** TASK TO CARRY OUT **
All the lines below need retyping exactly, apart from the images.

** DATA SECTION **
--- START ---
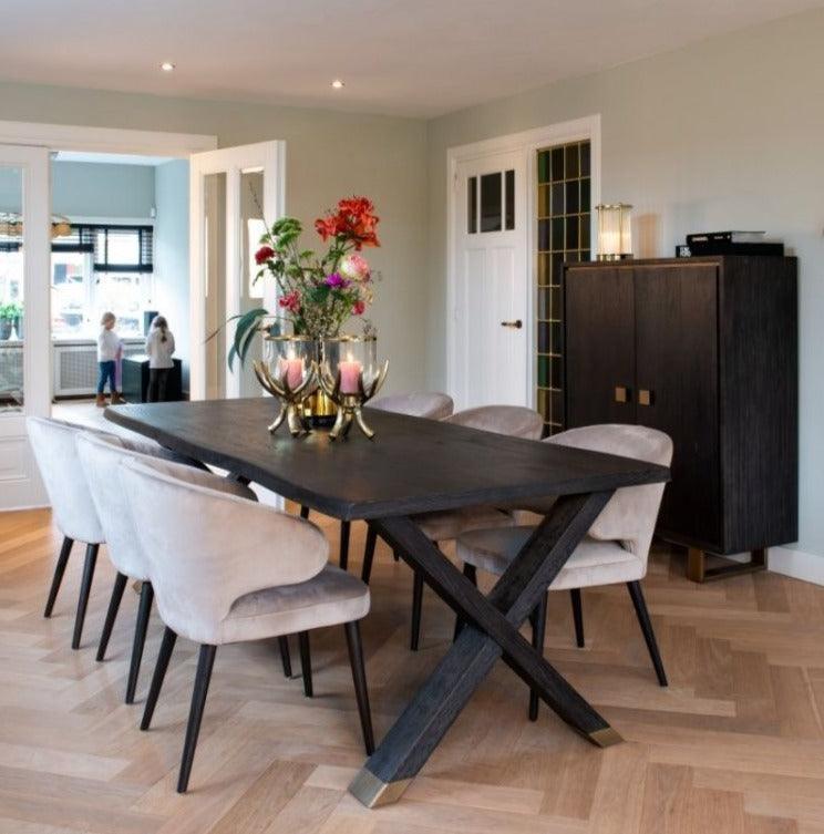Naast de visuele kwaliteiten biedt de stoel Indigo ook gebruikscomfort. De fluwelen bekleding zorgt voor zachtheid en plezier tijdens het zitten, waardoor lange en comfortabele maaltijden met familie en vrienden mogelijk zijn. De ergonomische vorm van de stoel benadrukt zijn functionaliteit en maakt het zitten erop een waar genoegen.
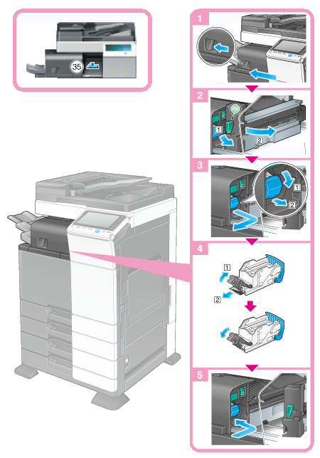 The figure above shows the Finisher FS-533 that is equipped with the Punch Kit PK-519.
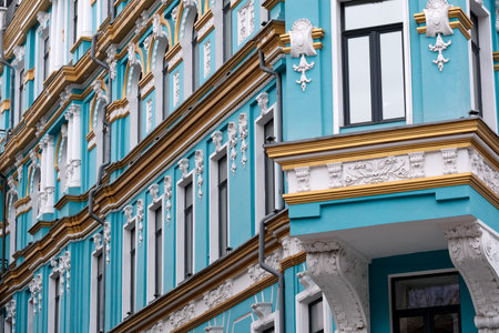 Full color horizontal photo. Elements of the facade of a historical building. Architecture in the classical style. In shades of blue.
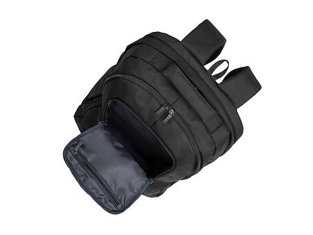 • Основное отделение для ноутбука с вертикальной загрузкой, имеет мягкие стенки и ремень для надежной фиксации ноутбука до 17".
--- END ---
** COMPLETED EXERCISE **
Naast de visuele kwaliteiten biedt de stoel Indigo ook gebruikscomfort. De fluwelen bekleding zorgt voor zachtheid en plezier tijdens het zitten, waardoor lange en comfortabele maaltijden met familie en vrienden mogelijk zijn. De ergonomische vorm van de stoel benadrukt zijn functionaliteit en maakt het zitten erop een waar genoegen.
 The figure above shows the Finisher FS-533 that is equipped with the Punch Kit PK-519.
 Full color horizontal photo. Elements of the facade of a historical building. Architecture in the classical style. In shades of blue.
 • Основное отделение для ноутбука с вертикальной загрузкой, имеет мягкие стенки и ремень для надежной фиксации ноутбука до 17".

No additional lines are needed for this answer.